Exact copies of the lines below, from the one with "Effectivement je doute" up to and including the one with "Все изученные формы", are what this calls for; leave out pictures.
======== INPUT DATA
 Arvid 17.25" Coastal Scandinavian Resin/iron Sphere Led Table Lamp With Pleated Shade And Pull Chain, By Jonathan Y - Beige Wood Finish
================
======== INPUT DATA
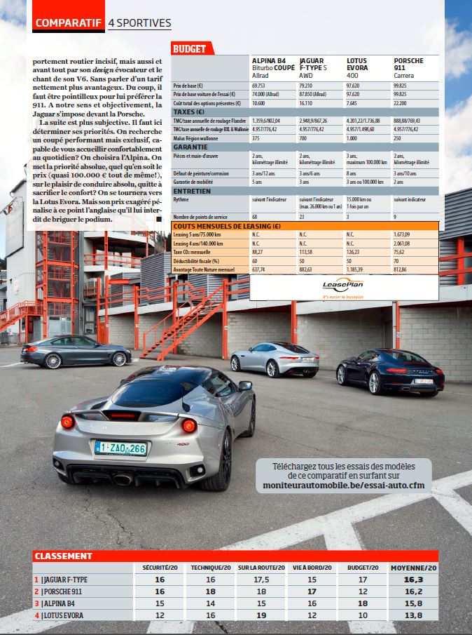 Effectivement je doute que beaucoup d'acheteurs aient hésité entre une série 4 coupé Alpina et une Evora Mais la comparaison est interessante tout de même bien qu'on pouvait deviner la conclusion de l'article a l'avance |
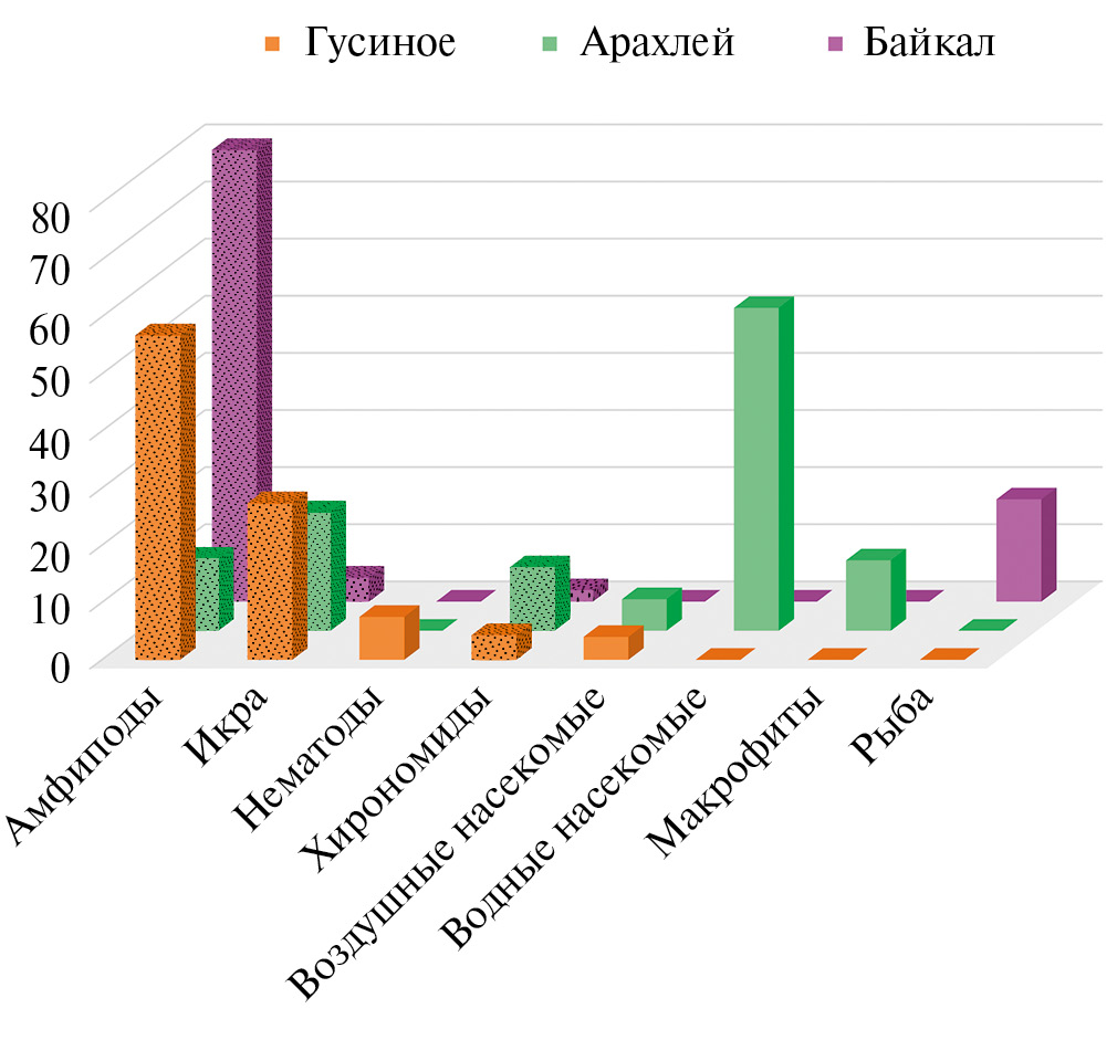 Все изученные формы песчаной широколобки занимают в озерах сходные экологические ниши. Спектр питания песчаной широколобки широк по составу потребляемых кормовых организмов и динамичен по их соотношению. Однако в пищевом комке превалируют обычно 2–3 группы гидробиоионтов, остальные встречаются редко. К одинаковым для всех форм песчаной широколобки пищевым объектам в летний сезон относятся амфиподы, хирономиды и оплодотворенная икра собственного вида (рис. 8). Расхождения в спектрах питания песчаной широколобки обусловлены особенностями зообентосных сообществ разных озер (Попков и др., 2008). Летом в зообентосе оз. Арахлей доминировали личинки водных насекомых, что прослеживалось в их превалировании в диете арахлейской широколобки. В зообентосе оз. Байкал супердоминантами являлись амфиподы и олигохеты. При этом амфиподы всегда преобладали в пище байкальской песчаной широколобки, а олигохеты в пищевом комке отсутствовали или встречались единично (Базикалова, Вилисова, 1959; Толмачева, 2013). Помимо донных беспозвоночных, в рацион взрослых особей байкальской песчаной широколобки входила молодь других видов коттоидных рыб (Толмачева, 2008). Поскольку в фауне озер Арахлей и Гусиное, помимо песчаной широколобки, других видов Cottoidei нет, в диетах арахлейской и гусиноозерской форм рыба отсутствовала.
================
# TASK ANSWER
 Effectivement je doute que beaucoup d'acheteurs aient hésité entre une série 4 coupé Alpina et une Evora Mais la comparaison est interessante tout de même bien qu'on pouvait deviner la conclusion de l'article a l'avance |
 Все изученные формы песчаной широколобки занимают в озерах сходные экологические ниши. Спектр питания песчаной широколобки широк по составу потребляемых кормовых организмов и динамичен по их соотношению. Однако в пищевом комке превалируют обычно 2–3 группы гидробиоионтов, остальные встречаются редко. К одинаковым для всех форм песчаной широколобки пищевым объектам в летний сезон относятся амфиподы, хирономиды и оплодотворенная икра собственного вида (рис. 8). Расхождения в спектрах питания песчаной широколобки обусловлены особенностями зообентосных сообществ разных озер (Попков и др., 2008). Летом в зообентосе оз. Арахлей доминировали личинки водных насекомых, что прослеживалось в их превалировании в диете арахлейской широколобки. В зообентосе оз. Байкал супердоминантами являлись амфиподы и олигохеты. При этом амфиподы всегда преобладали в пище байкальской песчаной широколобки, а олигохеты в пищевом комке отсутствовали или встречались единично (Базикалова, Вилисова, 1959; Толмачева, 2013). Помимо донных беспозвоночных, в рацион взрослых особей байкальской песчаной широколобки входила молодь других видов коттоидных рыб (Толмачева, 2008). Поскольку в фауне озер Арахлей и Гусиное, помимо песчаной широколобки, других видов Cottoidei нет, в диетах арахлейской и гусиноозерской форм рыба отсутствовала.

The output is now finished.